Marginalia
A retrieval-grounded agent for tracing thought-threads across poets, philosophers, and filmmakers.
- Year
- 2026
- Status
- In progress
- Stack
- TypeScript, Next.js, Anthropic Claude, pgvector, Embeddings
- Code
- GitHub →
Live demo coming soon — drop me a note for early access.
The premise
Reading is a slow form of pattern matching. The first time I noticed how often Auden, Kierkegaard, and Tarkovsky were saying the same thing in different rooms, I wanted a tool that could show me the room.
Marginalia is that tool. You ask it a question — about grief, about boredom, about light at the edge of a frame — and it surfaces the passages, lines, and stills that are arguing with each other across centuries and media. Not citations. The room.
How it works
A small, hand-curated corpus of poems, philosophical fragments, and film criticism, embedded and stored in pgvector. A Claude agent does the routing — deciding when to retrieve, when to follow a thread, when to stop. The interface lets you pin a thread, branch it, and follow a line out into adjacent thinkers.

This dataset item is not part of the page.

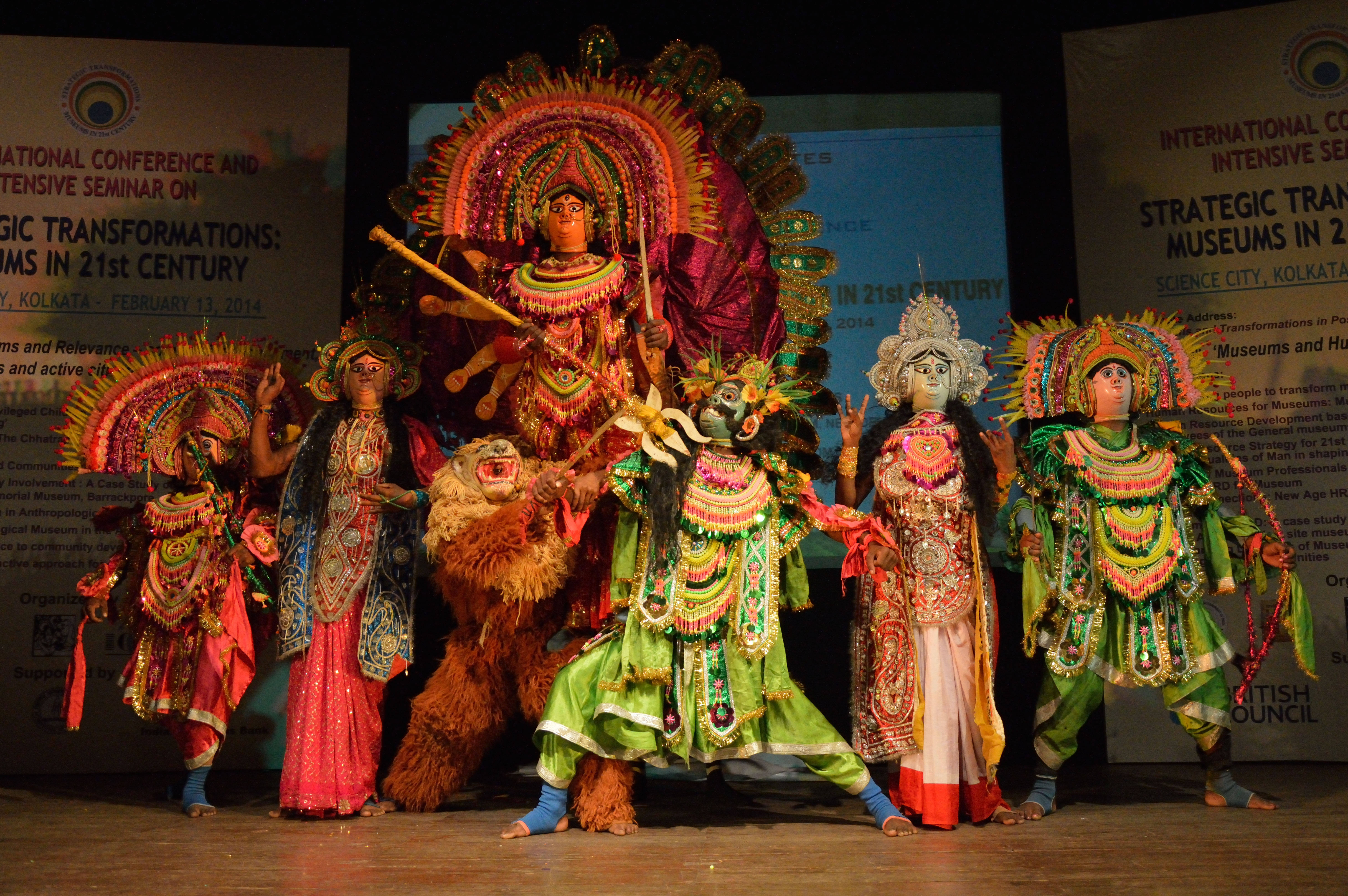 The 'Mahisasuramardini' - a 'Chhau' dance has been performed by the 'Royal Chhau Academy' group from Purulia, during an international conference and intensive seminar on 'Strategic Transformations: Museums in 21st Century' that organised by the National Council of Science Museums, India in collaboration with Indian Museum, Kolkata, National Museum, New Delhi (Ministry of Culture Govt. of India) and Indian National Committee of ICOM. It was held at Mini Auditorium, Science City, Kolkata on 13 February, 2014.

What's interesting isn't the retrieval — it's the agent's judgment about which adjacent thinker is actually adjacent. Auden and Kierkegaard share a vocabulary, but the line that connects them is two steps removed from either, in a passage neither of them wrote.

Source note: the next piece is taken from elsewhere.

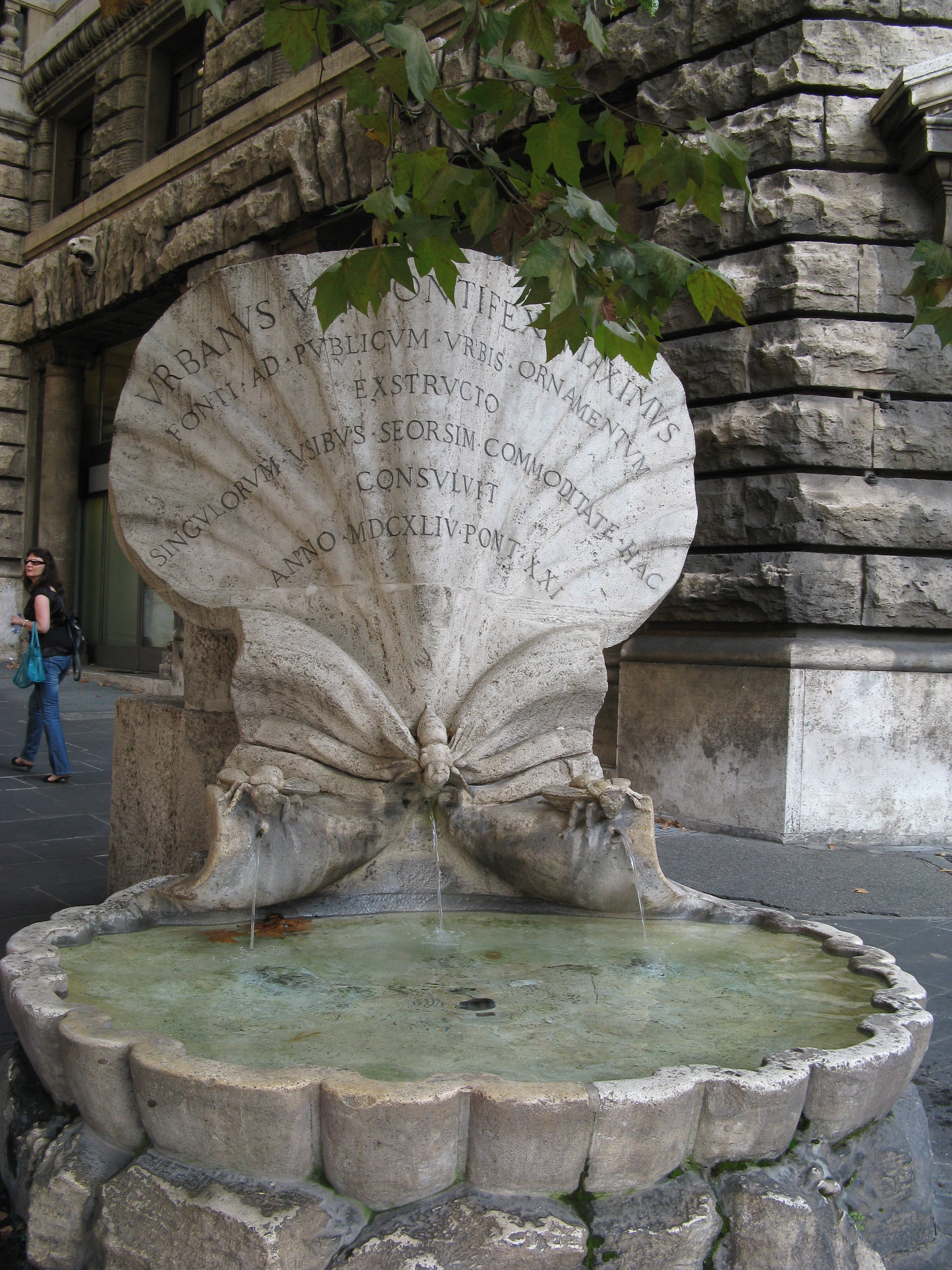 Fontana delle Api by Giovanni Lorenzo Bernini at Piazza Barberini.

Decisions I made differently
Grounding over generation.
The agent never paraphrases primary sources. The model can summarize a connection, but the passages themselves are quoted verbatim. The work is in the curation, not the imitation.
Threads, not chats.
A chat interface is the wrong primitive for this kind of thinking. Marginalia is built around pinned threads — a notebook, not a conversation. Retrieval state persists across sessions, which is what lets the work compound.
A small, chosen corpus.
I rejected the temptation to ingest everything. The corpus is a few hundred sources I trust. Signal-to-noise improves dramatically when the noise is curated out, and the retrieval starts to feel like talking to someone who has read what you have.
What I’d do next
Visual citations — pulling the still from the film when the connection is to a film, the painting when the connection is to a painting. The interesting question is how to render the visual without flattening it back into another text.